柴房裏沒有窗,隻有門縫透進一絲微弱的光。
我被反綁著雙手,在滿是黴味的幹草堆裏躺了整整三天。
每天中午,王大誌會端著一碗剩飯走進來。
他一邊給我鬆綁,一邊歎氣。
“星嶼,你瘦了。”
“快吃點吧,爸今天特意給你留了塊肉。”
他把碗推到我麵前,眼神裏全是那種讓人作嘔的憐憫。
我看著碗裏那塊肥得發膩的豬肉,偏過頭去。
“餓死我好了。”
“你們正好再買一個。”
王大誌的臉僵了一下,又強扯出笑意。
“你這孩子,說的什麼氣話。”
“這幾天天昊因為你的事,飯都吃不下,天天躲在被窩裏哭。”
“你說你,怎麼就這麼不懂事呢?”
我閉上眼睛,胃裏酸水直冒。
十八年來,我就是被這種裹著蜜糖的軟刀子,一點點放幹了血。
我包攬了家裏所有的重活,天不亮就起來喂豬劈柴。
李天昊可以睡到自然醒,穿著新衣服去上學。
我每天晚上借著月光看書,考了全縣第三。
他連及格線都過不去,卻能心安理得地拿走我做好的筆記。
我曾經以為,隻要我足夠努力,總有一天能捂熱他們的心。
現在我才知道,毒蛇是捂不熱的。
到了第四天傍晚,門外傳來了陌生的腳步聲。
隔著薄薄的木板,我聽到了村長老公劉大爺那標誌性的大嗓門。
“大誌啊,你家翠花的事,考慮得怎麼樣了?”
我猛地睜開眼,屏住呼吸貼在門縫上。
王翠花?
村長的女兒,那個三十歲還嫁不出去,前年喝酒把人腦袋開瓢,差點進局子的瘸腿悍婦?
王大誌的聲音壓得很低,帶著幾分討好。
“劉哥,這事兒我們鳳霞同意了。”
“隻是這彩禮......”
“八萬!”
劉大爺拍著大腿。
“全村誰家娶上門女婿能出得起八萬?翠花雖然腿腳有點毛病,但她媽是村長啊。
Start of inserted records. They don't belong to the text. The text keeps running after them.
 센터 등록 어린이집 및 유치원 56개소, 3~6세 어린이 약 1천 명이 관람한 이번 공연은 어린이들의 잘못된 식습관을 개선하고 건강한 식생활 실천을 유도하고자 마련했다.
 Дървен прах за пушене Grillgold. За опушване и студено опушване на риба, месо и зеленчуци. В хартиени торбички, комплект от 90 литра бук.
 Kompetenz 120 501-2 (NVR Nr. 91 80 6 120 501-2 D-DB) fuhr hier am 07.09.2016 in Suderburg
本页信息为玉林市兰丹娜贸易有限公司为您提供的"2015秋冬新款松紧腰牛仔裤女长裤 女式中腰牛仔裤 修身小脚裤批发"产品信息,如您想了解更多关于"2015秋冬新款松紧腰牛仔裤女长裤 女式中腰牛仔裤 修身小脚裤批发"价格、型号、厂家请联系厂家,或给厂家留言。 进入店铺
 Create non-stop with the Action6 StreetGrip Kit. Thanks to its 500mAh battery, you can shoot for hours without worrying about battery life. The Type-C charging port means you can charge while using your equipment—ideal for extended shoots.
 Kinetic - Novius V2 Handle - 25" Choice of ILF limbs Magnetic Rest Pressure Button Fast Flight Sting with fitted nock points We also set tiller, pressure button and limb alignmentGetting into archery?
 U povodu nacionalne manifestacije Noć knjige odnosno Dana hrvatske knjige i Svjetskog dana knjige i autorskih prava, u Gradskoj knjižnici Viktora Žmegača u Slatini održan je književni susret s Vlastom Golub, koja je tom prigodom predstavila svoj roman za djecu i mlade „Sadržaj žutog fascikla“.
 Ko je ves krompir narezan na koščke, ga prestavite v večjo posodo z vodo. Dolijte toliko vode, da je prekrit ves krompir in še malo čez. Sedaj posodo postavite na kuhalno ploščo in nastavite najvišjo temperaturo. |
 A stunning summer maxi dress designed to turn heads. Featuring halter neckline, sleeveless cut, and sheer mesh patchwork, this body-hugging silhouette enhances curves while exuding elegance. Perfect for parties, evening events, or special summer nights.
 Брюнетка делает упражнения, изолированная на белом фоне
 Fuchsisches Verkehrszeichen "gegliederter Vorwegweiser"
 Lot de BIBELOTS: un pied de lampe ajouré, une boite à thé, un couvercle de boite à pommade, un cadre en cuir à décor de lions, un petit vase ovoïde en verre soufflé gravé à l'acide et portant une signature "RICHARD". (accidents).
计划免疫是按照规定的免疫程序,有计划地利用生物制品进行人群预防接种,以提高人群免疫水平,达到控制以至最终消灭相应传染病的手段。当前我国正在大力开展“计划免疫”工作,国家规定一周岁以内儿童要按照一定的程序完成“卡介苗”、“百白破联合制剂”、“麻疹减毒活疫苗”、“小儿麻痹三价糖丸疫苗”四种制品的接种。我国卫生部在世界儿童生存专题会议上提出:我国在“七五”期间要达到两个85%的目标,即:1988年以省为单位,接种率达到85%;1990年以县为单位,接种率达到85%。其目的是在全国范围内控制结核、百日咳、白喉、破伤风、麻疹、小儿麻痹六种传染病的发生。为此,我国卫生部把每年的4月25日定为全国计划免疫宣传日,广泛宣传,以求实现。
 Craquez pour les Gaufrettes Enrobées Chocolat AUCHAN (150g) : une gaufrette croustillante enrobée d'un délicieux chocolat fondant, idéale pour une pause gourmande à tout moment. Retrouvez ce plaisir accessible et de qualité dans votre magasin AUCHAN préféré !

”
“你家星嶼入贅過去,那就是吃香的喝辣的。”
“再說了,你家天昊明年要考大學,去省城不得要錢?這八萬塊,剛好夠天昊四年開銷。”
李鳳霞沉悶的咳嗽聲響起。
“八萬就八萬。”
“不過醜話說在前頭,這小子性子野,最近又犯了牛脾氣。”
“明天讓翠花直接帶人來接,到了你們家,關起門來怎麼教訓,我們不管。”
劉大爺笑得合不攏嘴。
“放心吧,翠花手裏有分寸。男人的脾氣嘛,餓幾頓就服帖了。”
“那明天一早,我們就來接人!”
腳步聲漸漸遠去。
柴房裏死一般寂靜。
我死死咬住嘴唇,直到嘗到濃烈的血腥味。
八萬塊。
我的前途,我的人生,甚至我活著的意義,在他們眼裏,隻值八萬塊。
拿去給他們親生兒子買手機,交學費。
回憶再次將我淹沒。
那天在橋頭,那個被打斷腿的女人,拚盡最後一點力氣朝我伸出手。
她的手指沾滿泥水和血汙。
眼底的絕望,像是要把靈魂都熬幹。
“我的兒子......”
“把我的兒子還給我......”
這十八年,他們是不是每天都在夢裏重複這種絕望?
而我,竟然在仇人的施舍下,苟活了十八年。
柴房的鎖響了。
王大誌推門進來,手裏拿著一件豔俗的紅襯衫。
他把衣服扔在草堆上,語氣不再像前幾天那樣溫和。
“換上。”
“明天村長家來接親。”
我靠在牆上,冷冷地看著他。
“買賣人口,強迫婚姻。”
“王大誌,罪加一等,你這輩子都得爛在牢裏。”
王大誌像是被戳中了痛處,猛地衝上來甩了我一巴掌。
清脆的巴掌聲在狹小的空間裏回蕩。
“我供你吃供你穿,讓你找個好人家入贅怎麼了!”
“你要是真有骨氣,就把這十八年的飯錢吐出來!”
“明天你不去也得去!”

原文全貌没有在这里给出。